Apprentices feel mining slowdown in the Hunter

The Hunter Valley Training Company say the slowdown in the mining industry has forced it to look for apprentices and traineeships in other sectors.

HTVC chief Sharon Smith said the softening in both mining and manufacturing meant businesses were less likely to put on apprentices, ABC reported.

"I think the concern's been about the economy in general and our region has a fairly high dependency of the mining-related sector as well," Smith said.

"That has dropped off and that's put pressure on the traditional type businesses that would have put on apprentices and trainees in our area. “

The company is urging the newly-elected Coalition government to introduce policies that will strengthen skills training organisations.

Smith said group training helped to develop skills and create jobs, enabling thousands of Australians to advance their careers through apprenticeships and traineeships.

Smith said one of the ways to boost skills training was to provide increased Government incentives for employers, making it more attractive and affordable to put on apprentices and trainees.

“While we welcome any funding assistance provided to a young person interested in undertaking an apprenticeship or traineeship, there needs to be more Government support and incentives for businesses to put on trainees and apprentices. Afterall, it’s the employers who create the training and employment opportunities needed to skill our future generations,” Smith said.

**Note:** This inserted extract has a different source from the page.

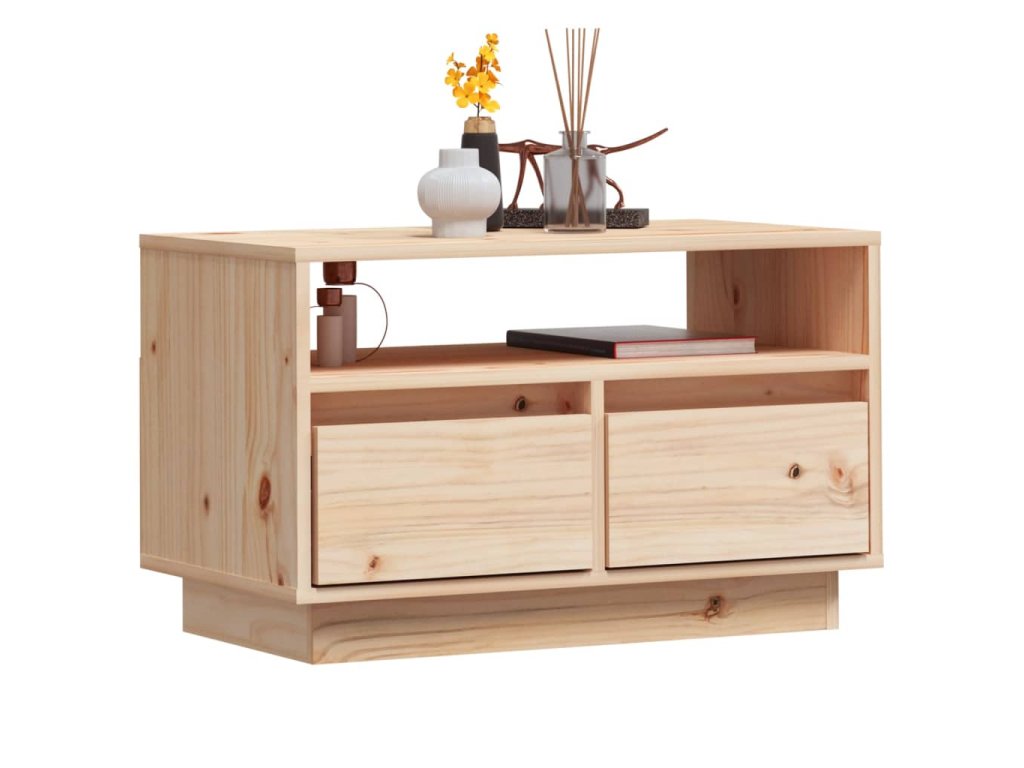 Táto nízka skrinka s nohami je vyrobená z masívneho borovicového dreva a vyznačuje sa stabilnou a odolnou konštrukciou. Stereo skrinka vybavená otvorenou priehradkou a 2 zásuvkami je ideálna na prehľadné usporiadanie vašich DVD diskov, hernej konzoly, časopisov a iných predmetov. Televízny stojan sa navyše ľahko čistí vlhkou handričkou.

A report released earlier this year by the Minerals Council of Australia, together with the National Centre for Vocational Education Research (NCVER), claimed the mining industry spent more than $1.15 billion on training over the last two years.

Almost 98% of this training expenditure was said to be industry-funded, with only 2% coming from government subsidies.

Currently, apprentices and trainees make up around 5 per cent of the total mining workforce in Australia.

Of this number, around 13 per cent of apprentices and trainees are Indigenous Australians and 15 per cent are women.

However the CMFEU’s Stephen Smyth said there had not been enough investment in skills training for local workers in regional communities.

"A report by the Workforce Development and Productivity Agency last year highlighted that a third of 15 to 19-year-olds are out of work and that many companies don't want to take time to train them,” Smyth said.

Smith said HTVC was broadening the scope of training placements offered to offset to mining slowdown.

"We're constantly diversifying the base and looking for A to Z of traineeships and apprenticeships across the whole spectrum,” she said.